Hi Sheldon,
The gene symbols in recount
were obtained using this code https://github.com/leekgroup/recount/blob/master/R/reproduce_ranges.R#L95-L97 that relies on AnnotationDbi::mapIds()
and org.Hs.eg.db::org.Hs.eg.db
, which I adapted below for the case you report.
genes <- c('ENSG00000283638', 'ENSG00000015479', 'ENSG00000280987')
AnnotationDbi::mapIds(org.Hs.eg.db::org.Hs.eg.db,
genes, 'SYMBOL', 'ENSEMBL',
multiVals = 'CharacterList')
options(width = 120)
sessioninfo::session_info()
Basically, the first gene no longer maps to those 6 miRNAs based on changes that happened over time to org.Hs.eg.db
. In any case, you could run recount::reproduce_ranges()
to get the latest symbols or manually run the AnnotationDbi::mapIds()
code as shown in the next code chunk.
library('recount')
rowRanges(rse_gene_SRP009615)$symbol_updated <- AnnotationDbi::mapIds(org.Hs.eg.db::org.Hs.eg.db,
gsub('\\..*', '', rowRanges(rse_gene_SRP009615)$gene_id), 'SYMBOL', 'ENSEMBL',
multiVals = 'CharacterList')
which will look like this:
> rowRanges(rse_gene_SRP009615)[c(57992, 362, 57163)]

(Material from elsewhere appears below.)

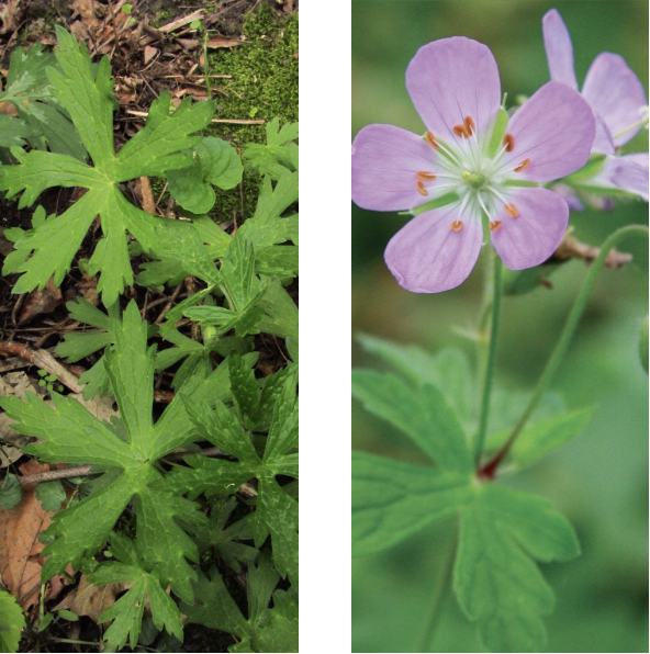 Wild Geraniums have pink, white or purple, 5-petalled flowers. Their distinct leaves have 5 deep-cut lobes. Wild geraniums typically flower in early spring. The beautiful flowers attract bees and bird pollinators. To learn more about wild geraniums, visit:
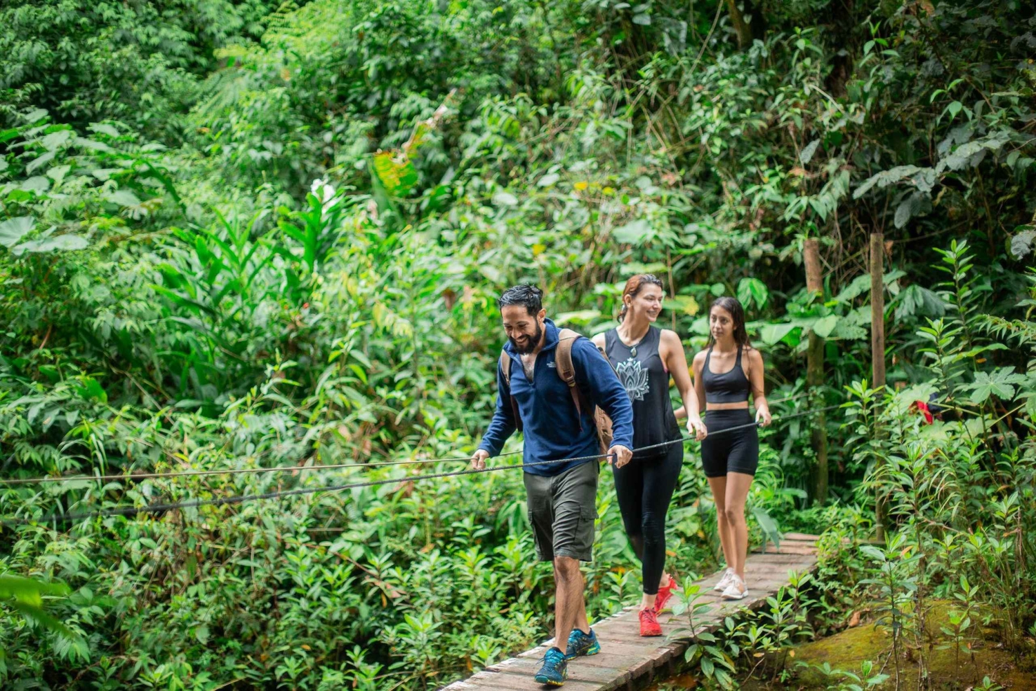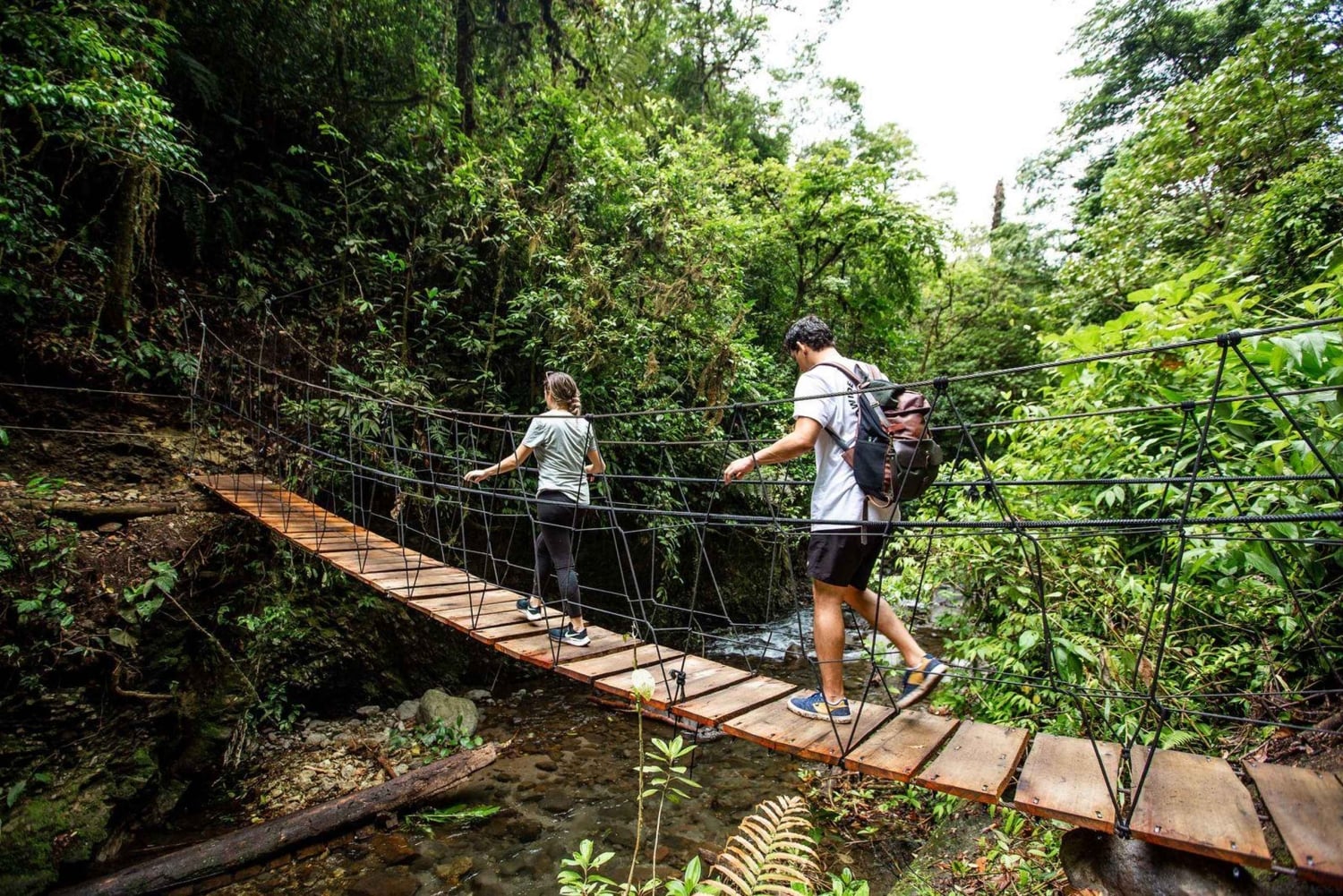 Begin your adventure with hotel pick-up in Monteverde and arrival at the reception area, where you can enjoy a coffee and prepare for your hike. Set off on a self-guided hike with a detailed map and safety tips, allowing you to explore at your own pace. Discover 4 breathtaking waterfalls, 10 rustic bridges (including hanging bridges), and natural river pools for swimming. On the final uphill section, choose between a 35-minute horseback ride (no experience needed, weight limit 110 kg / 250 lbs) or a 4x4 safari vehicle. Finish with a hearty typical lunch, including vegetarian and vegan options, at a restaurant with panoramic views.Includes

GRanges object with 3 ranges and 4 metadata columns:
seqnames ranges strand | gene_id bp_length
<Rle> <IRanges> <Rle> | <character> <integer>
ENSG00000283638.1 chrX 134168911-134174089 - | ENSG00000283638.1 3863
ENSG00000015479.17 chr5 139293648-139331359 + | ENSG00000015479.17 11772
ENSG00000280987.3 chr5 139273752-139331677 + | ENSG00000280987.3 6640
symbol symbol_updated
<CharacterList> <CharacterList>
ENSG00000283638.1 MIR106A,MIR19B2,MIR92A2,... <NA>
ENSG00000015479.17 MATR3 MATR3
ENSG00000280987.3 MATR3 MATR3
-------
seqinfo: 25 sequences (1 circular) from an unspecified genome; no seqlengths
## R session info is the one from R 3.6.1 further below
> packageVersion('recount')
[1] ‘1.12.0
Best,
Leonardo
Output over R versions
R 3.3.2
> genes <- c('ENSG00000283638', 'ENSG00000015479', 'ENSG00000280987')

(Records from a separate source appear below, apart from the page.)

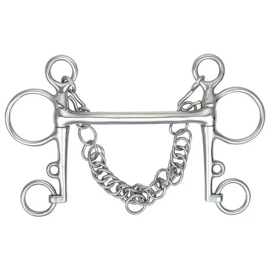 Dies ist ein sehr mildes Gebiss, da der Druck gleichmäßig durch den Mund verteilt wird. Ideal für Pferde mit kleinen oder weichen Mündern. Kann mit Doppelzügel oder Pelham-Rundungen verwendet werden.
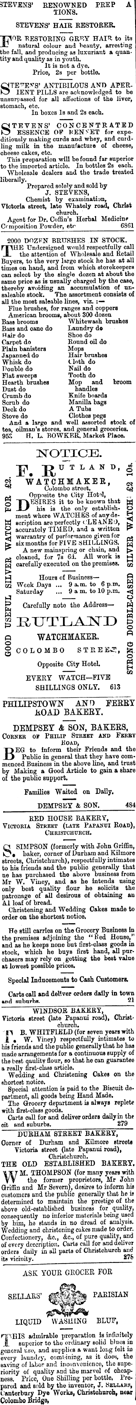 STEVENS’ RENOWNED PREP A TIONS. STEVENS’ HAIR RESTORER. For RESTORING GREY HAIR to its natural colour and beauty, arresting the fall, and producing as luxuriant a quantity and quality as in youth. It is not a dye. Price, 2s per bottle. STEVENS’ ANTIBILOUS AND APERIENT PILLS are acknowledged to be unsurpassed for all affections of the liver, stomach, etc. In boxes Is and 2s each. STEVENS’ CONCENTRATED ESSENCE OP REN C ET for expeditiously making curds and whey, and curdling milk in the manufacture of cheese, cheese cakes, etc. This preparation will be found far superior to the imported article. In bottles 2s each. Wholesale dealers and the trade treated liberally. Prepared solely and sold by J. STEVENS, Chemist by examination, Victoria street, late Whately road, Christ church. Agent for Dr. Coffin's Herbal Medicine Composition Powder, etc 6861 2000 DOZFN BRUSHES IN STOCK. THE Undersigned would respectfully call the attention of Wholesale and Retail Buyers, to the very large stock he has at all times on hand, and from which storekeepers can select by the single dozen at about the same price as is usually charged by the case, thereby avoiding an accumulation of unsaleable stock. The assortment consists of all the most saleable lines, viz. : Flue brushes, for ranges and coppers American brooms, about 300 dozen Bass brooms Bass and cane do H air do Carpet do Plain banisters Japanned do Whisk do Double do Flat sweeps Hearth brushes Dust do Crumb do Scrub do Deck do Stove do Whitewash brushes Laundry do Shoe do Round oil do Mops Hair brushes Cloth do Nail do Tooth do Mop and broom handles Knife boards Manilla bags A Tubs Clothes pegs And a large and well assorted stock of tea, oilman’s stores, and general groceries. 35f. H. L. BOWKER, Market Place, IsTOTICE. F. B, UPLAND, WATCHMAKER, Colombo street, Opposite the City Hotol, DESIRES it to be known that his is the only establishment where WATCHES of any description are perfectly t LE \NE l), accurately TIMED, and a written warrantry of performance given for six months for FIVE SHILLINGS. A new mainspring or chain, and cleaned, for 7s 6i. All work is carefully executed on the premises. Hours of Business — Week Days ... 9 a.m. to 6 p.m. Saturday ... 9am.to 10 p.m. Carefully note the Address — RUTTjAJSTD C-3 Pd O pw w o H < * Ph pq > Hi i—i m Hi H> W m P P o g COLOMBO WATCHMAKER. STREET, Opposite City Hotel. <7? c rt W o H <3 P 3 W > P HI CO p W CO <1 o W P m P p Cj fcO Ph H CO EVERY WATCH—FIVE SHILLINGS ONLY. 613 PHILIPSTOWN AN O FERRY ROAD bakery. DEMPSEY & SON, BAKERS, Corner of Philip Street and Ferry Road, BEG to inform their Friends and the Public in general that they have commenced Business in the above line, and trust by Making a Good Article to gain a share of the public support. Families Waited on Daily. DEMPSEY & SON. 484 RED HOUSE BAKERY, Victoria Street (late Papanui Road), Christchurch. O SIMPSON (formerly with John Griffin, ij, baker, corner of Durham and Kilmore streets, Christchurch), respectfully intimates to his friends and the public generally that tie has purchased the above business from Mr W. Viney, and as he Intends using only best quality flour he solicits the patronage of all desirous of obtaining an A 1 loaf of bread. Christening and Wedding Cakes made to order on the shortest notice. He still carries on the Grocery Business in the premises adjoining the “Bed House,” and as he keeps none but first-class goods in stock, which he buys first hand, all purchasers may rely on getting the best value at lowest possible prices. Special Inducements to Cash Customers. Carts call and deliver orders dally in town and suburbs. 21 WINDSOR BAKERY, “ Victoria street (late Papanui road), Christchurch. (n B. WHITFIELD (for seven years with | • W. Viney) respectfully intimates to his friends and the public generally that he has made arrangements for a continuous supply of the best qaulity flour, so that he can guarantee a really first-class article. Wedding and Christening Oakes on the shortest notice. Special attention is paid to the Biscuit department, all goods being Hand Made. The Grocery department is always replete with first-class goods. Carts call for and deliver orders daily in the oit and suburbs. 279 DURHAM STREET BAKERY, Corner of Durham and Kilmore streets Victoria street (late Papanui road), Christchurch. THE OLD ESTABLISHED BAKERY. WM. THOMPSON (for many years with the former proprietors, Mr John Griffin and Mr Severn), desires to inform his customers and the public generally that he is determined to maintain the prestige of the above old-established business for quality, consequently no inferior materials being used by him, ho stands in no dread of analysis. Wedding and christening cakes made to order. Confectionery, &c., &c., of pure quality, and of every description. Carts call for and deliver orders daily in all parts of Christchurch and its vicinity. ASK YOUR GROCER FOR SELLARS’ PARISIAN LIQUID WASHING BLUF, SIS admirable preparation is infinitely superior to the ordinary solid blues in ral use, and supplies a want long felt in y laundry, combining, as it does, the ig of labor and inconvenience, the supety of quality and the marvel of cheapPrice, One Shilling per bottle. Pred and said by the inventor, J. Kkllaks, ierbmy Dye Works, Christchurch, near mho Bridge,
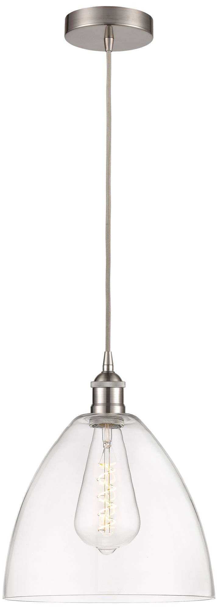 Edison Dome 12" Brushed Satin Nickel Cord Hung Mini Pendant w/ Clear S
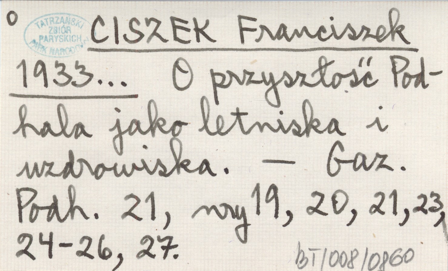 CISZEK Franciszek 1933... O przyszłość Podhala jak letniska i uzdrowiska.
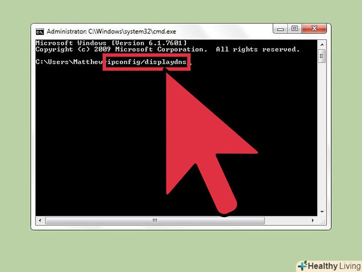 Дочекайтеся, коли відкриється командний рядок. це вікно з чорним фоном, в якому потрібно ввести командуipconfig/displaydns. Потім натисніть "Enter".
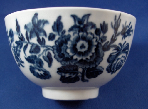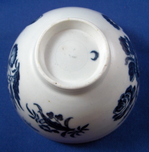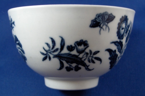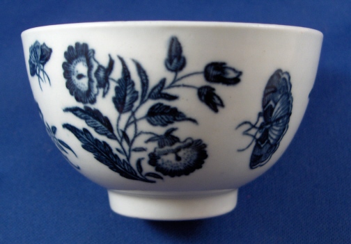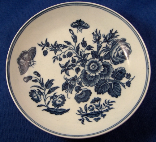 This is another cup and saucer made by Worcester in the 18th century. The set is decorated in underglaze blue in a floral pattern with butterflies. Both the cup and the saucer are in great condition with a small chip by the rim which seems to have been because of a firing flaw and is just a shallow pop out of the top layer. No big deal. Both are marked with the blue crescent mark underneath. The cup is 1.75 inches tall and 3 inches in diameter. The saucer is 1.125 inches tall and 5 inches in diameter. Please email me for more information or other pictures.
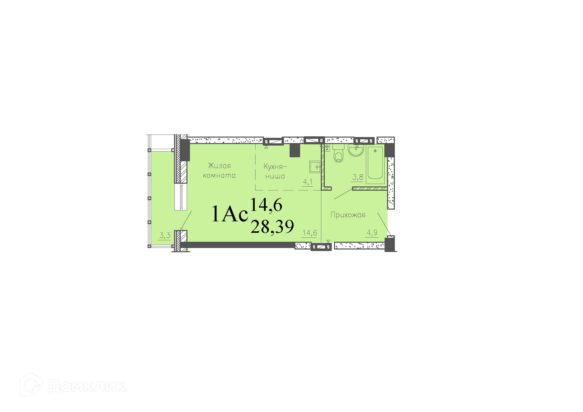 • Площадь - 27.4 м²
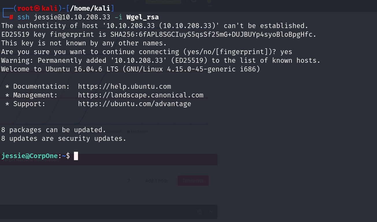 ssh jessie@10.10.208.33 -i Wgel_rsa
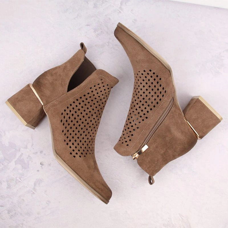 Semišové boty na podpatku Potocki W WOL213B hnědé
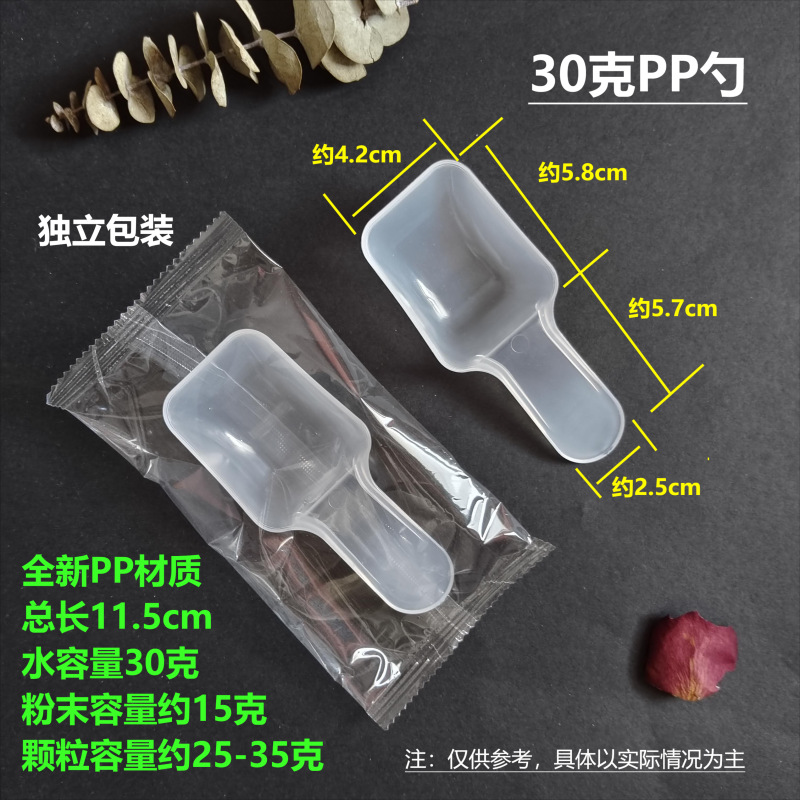 도매 30g 플라스틱 숟가락 포장 테이크 아웃 식기 분유 숟가락 측정 숟가락 그램 숟가락 세척 분말 숟가락 독립적 인 포장

> AnnotationDbi::mapIds(org.Hs.eg.db::org.Hs.eg.db,
+ genes, 'SYMBOL', 'ENSEMBL',
+ multiVals = 'CharacterList')
'select()' returned 1:many mapping between keys and columns
CharacterList of length 3
[["ENSG00000283638"]] MIR106A MIR19B2 MIR92A2 MIR363 MIR20B MIR18B
[["ENSG00000015479"]] MATR3
[["ENSG00000280987"]] MATR3
>
> options(width = 120)
> sessioninfo::session_info()
Error in loadNamespace(name) : there is no package called ‘sessioninfo’
> sessionInfo()
R version 3.3.2 RC (2016-10-26 r71594)
Platform: x86_64-apple-darwin13.4.0 (64-bit)
Running under: macOS 10.14.6
locale:
[1] en_US.UTF-8/en_US.UTF-8/en_US.UTF-8/C/en_US.UTF-8/en_US.UTF-8
attached base packages:
[1] stats graphics grDevices utils datasets methods base
other attached packages:
[1] testthat_1.0.2 devtools_1.13.2 colorout_1.1-2
loaded via a namespace (and not attached):
[1] Rcpp_0.12.12 IRanges_2.8.2 digest_0.6.12 crayon_1.3.2 withr_1.0.2
[6] R6_2.2.2 DBI_0.7 stats4_3.3.2 magrittr_1.5 RSQLite_2.0
[11] rlang_0.1.1 blob_1.1.0 S4Vectors_0.12.2 org.Hs.eg.db_3.4.0 bit64_0.9-7
[16] Biobase_2.34.0 bit_1.1-12 parallel_3.3.2 pkgconfig_2.0.1 BiocGenerics_0.20.0
[21] AnnotationDbi_1.36.2 memoise_1.1.0 tibble_1.3.3
R 3.4.4
R 3.6.1 with BioC 3.10 (current release)
I noticed this:
ENSG00000057663 ENSG00000283623
777 57980
3DFF72D2-F292-497E-ACE3-6FAA9C884205 B1E54366-42B9-463C-8615-B34D52BD14DC
ENSG00000057663.13 438 1121
ENSG00000283623.1 114 245
The values are scaled gene expression data. The two ensemble id's both corresponds to ATG5. Say I want gene expression data for ATG5, then which row should I use? They are giving different counts within the same patient.
Then you need to look at resources outside of
recount
, say, ENSEMBL, to check which is the particular gene ID you want based on the gene structure. It's not rare for two Ensembl IDs to match to the same gene symbol.Which if you do, you will find that ENSG00000283623 has been removed from the Ensembl database
Which brings up an additional point; what we think of as the 'genome' is really not static, and it changes as we go through time. Doing something like looking up the IDs for a set of static data and coming here and asking 'Hey, what about this?' is probably not as optimal as doing your own homework first, looking up the IDs you have in hand and making sure they are current.
This is particularly true here, since this support site is primarily intended as a place where people can get technical help with Bioconductor tools, rather than as a place for generalized questions about genes and annotation and what it all means, etc.